Content starts
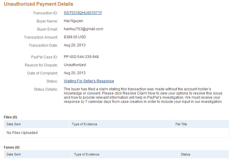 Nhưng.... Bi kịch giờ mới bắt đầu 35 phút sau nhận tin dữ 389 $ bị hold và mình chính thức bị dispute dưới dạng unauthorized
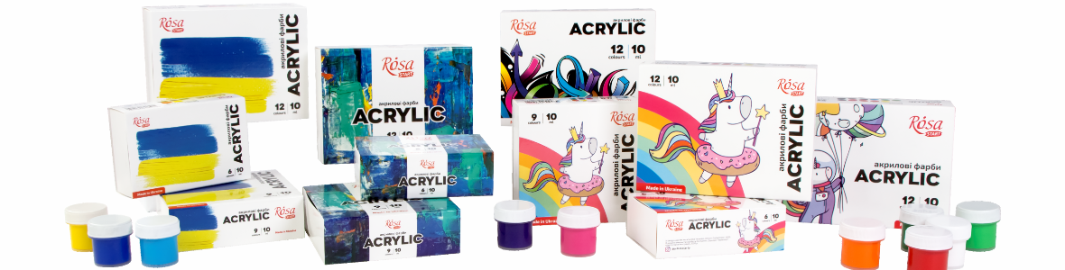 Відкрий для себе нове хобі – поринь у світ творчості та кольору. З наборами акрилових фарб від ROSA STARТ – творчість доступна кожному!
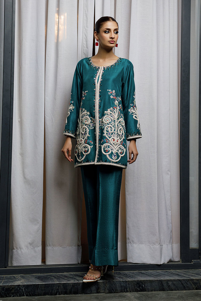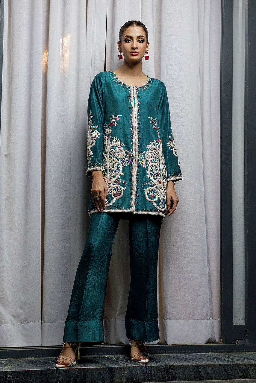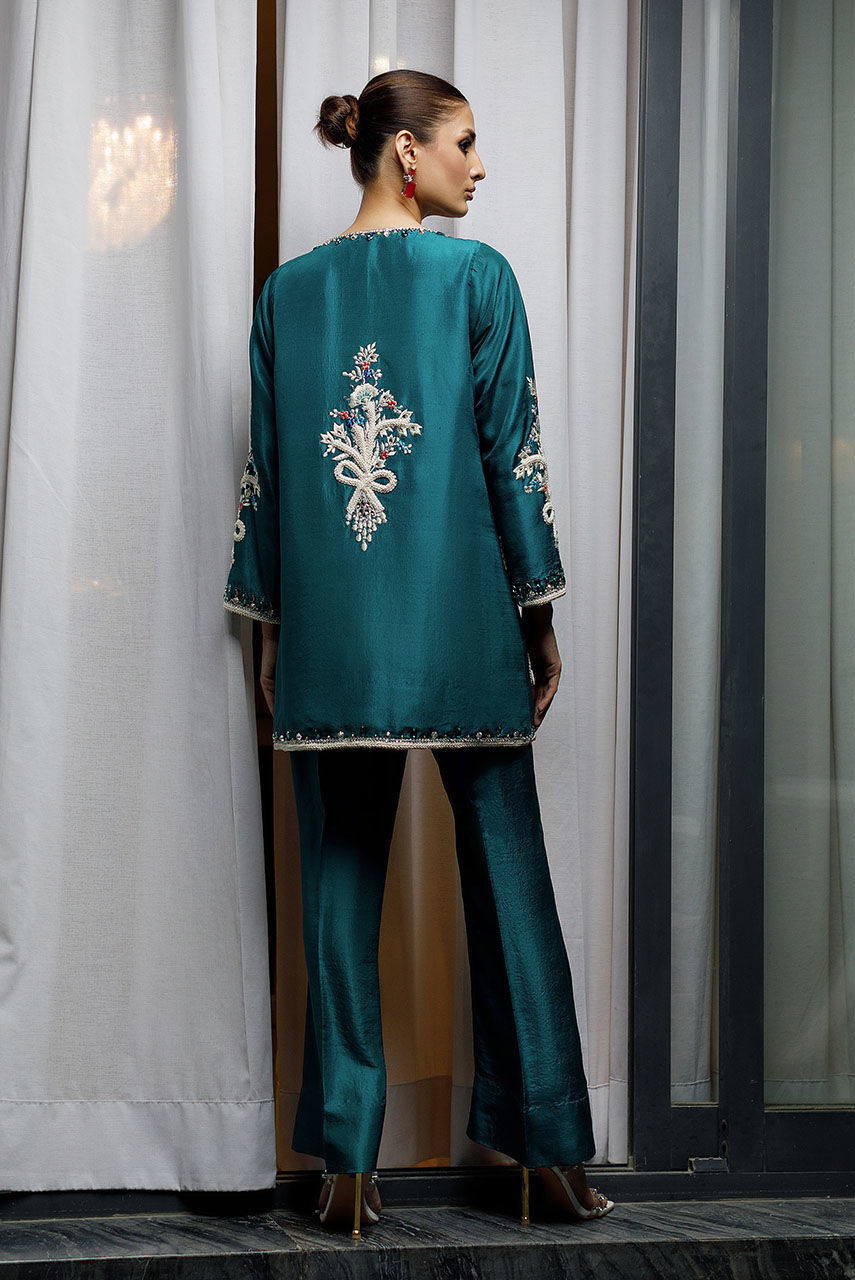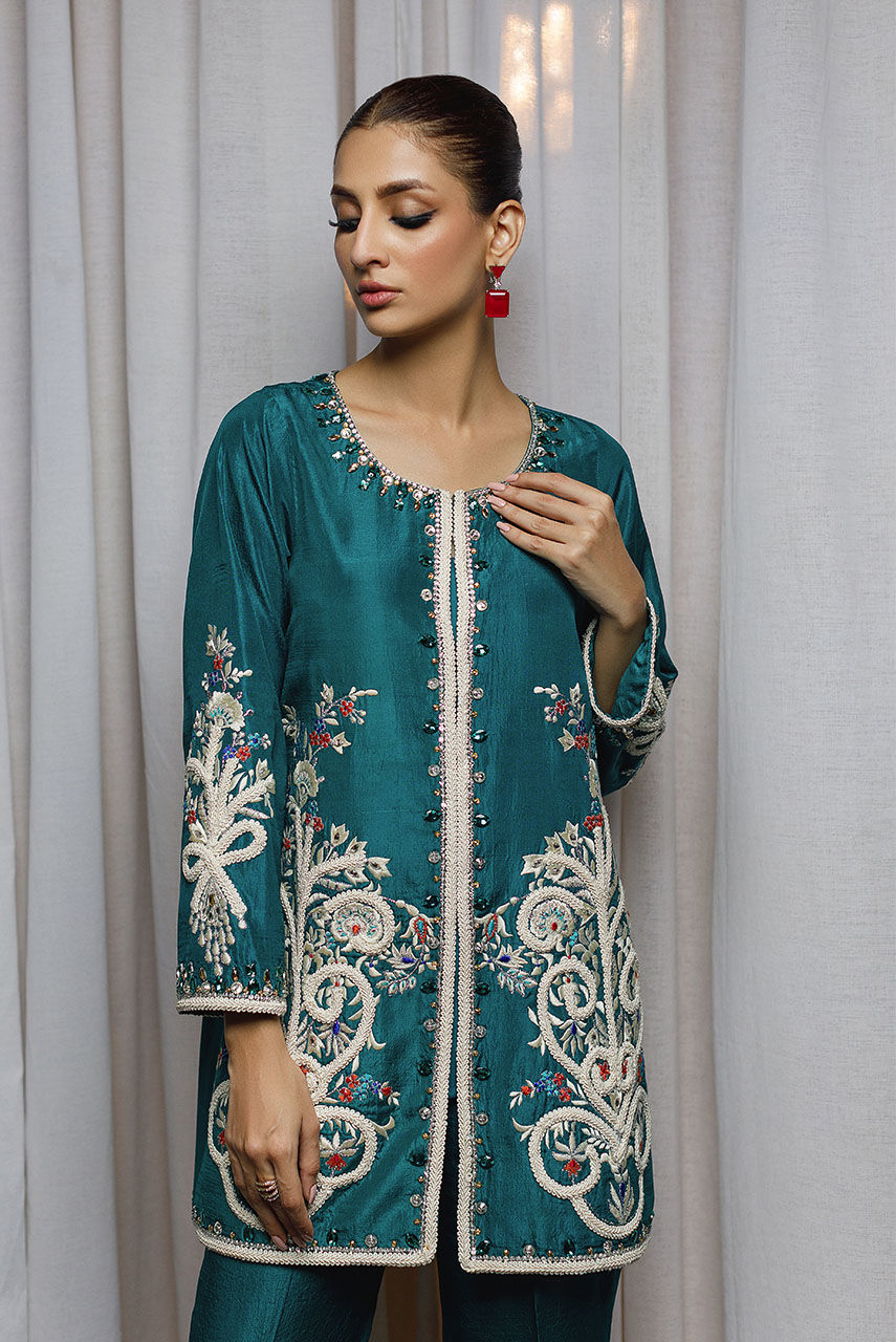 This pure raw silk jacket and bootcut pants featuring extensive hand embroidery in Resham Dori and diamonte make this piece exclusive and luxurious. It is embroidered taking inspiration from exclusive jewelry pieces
Content ends
Content starts
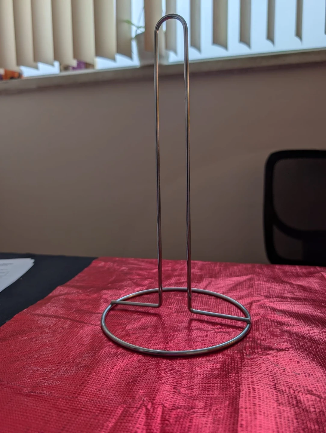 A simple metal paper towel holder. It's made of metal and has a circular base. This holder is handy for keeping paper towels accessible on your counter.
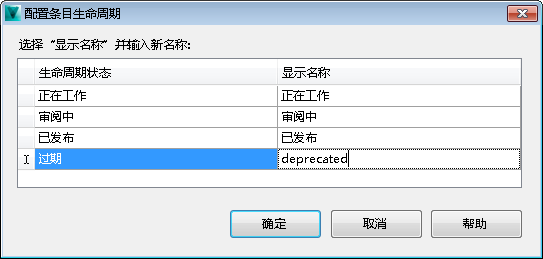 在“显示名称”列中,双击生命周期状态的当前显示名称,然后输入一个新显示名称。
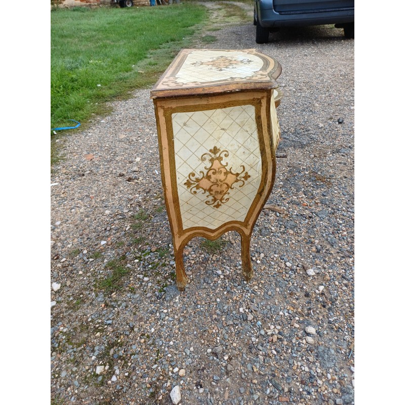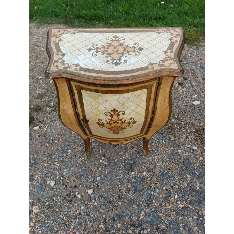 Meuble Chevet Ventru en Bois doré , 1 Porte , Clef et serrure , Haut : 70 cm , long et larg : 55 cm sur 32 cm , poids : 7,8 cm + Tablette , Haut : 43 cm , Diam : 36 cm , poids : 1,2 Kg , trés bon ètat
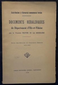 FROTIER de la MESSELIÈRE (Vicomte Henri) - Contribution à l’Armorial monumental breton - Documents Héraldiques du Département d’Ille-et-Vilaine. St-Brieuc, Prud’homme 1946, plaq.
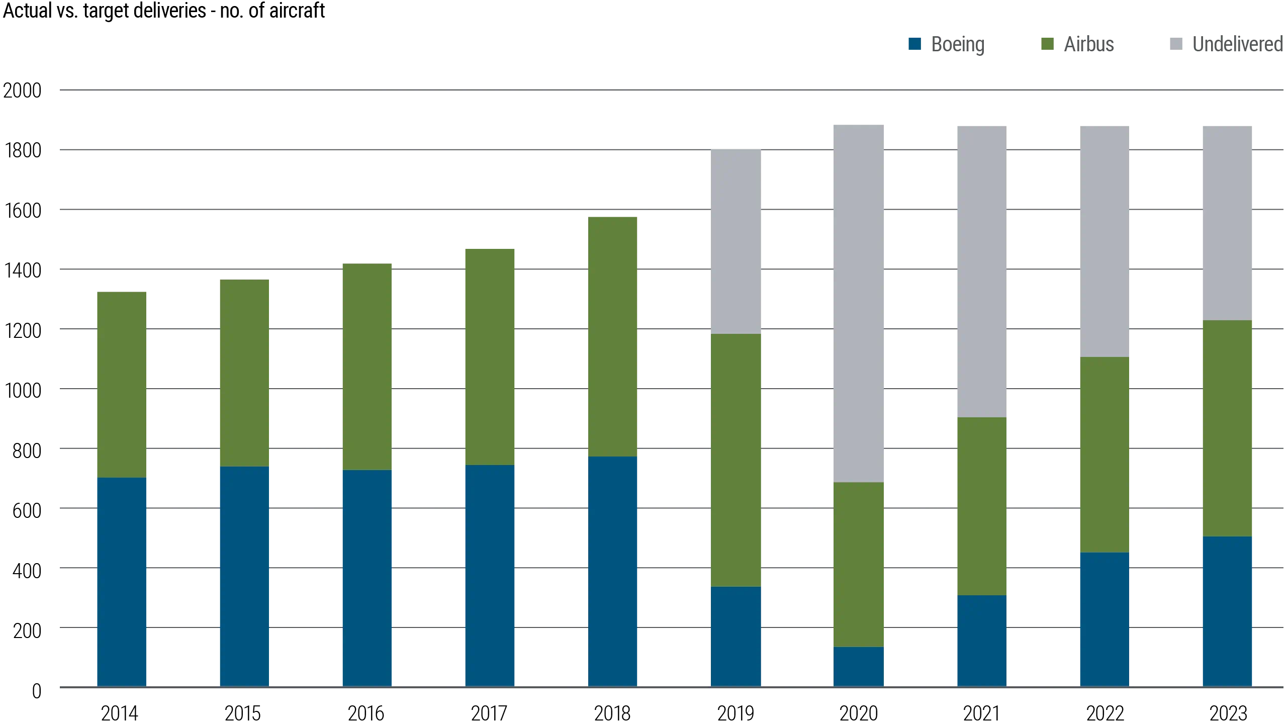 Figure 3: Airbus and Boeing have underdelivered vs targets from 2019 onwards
Content ends
* _EXERCISE REQUIREMENTS_
Return exactly the lines that appear in the data above between the line containing "FROTIER de la" and the line containing "Figure 3: Airbus", both of which are included, and leave the pictures out.

* _PROBLEM SOLUTION_
 FROTIER de la MESSELIÈRE (Vicomte Henri) - Contribution à l’Armorial monumental breton - Documents Héraldiques du Département d’Ille-et-Vilaine. St-Brieuc, Prud’homme 1946, plaq.
 Figure 3: Airbus and Boeing have underdelivered vs targets from 2019 onwards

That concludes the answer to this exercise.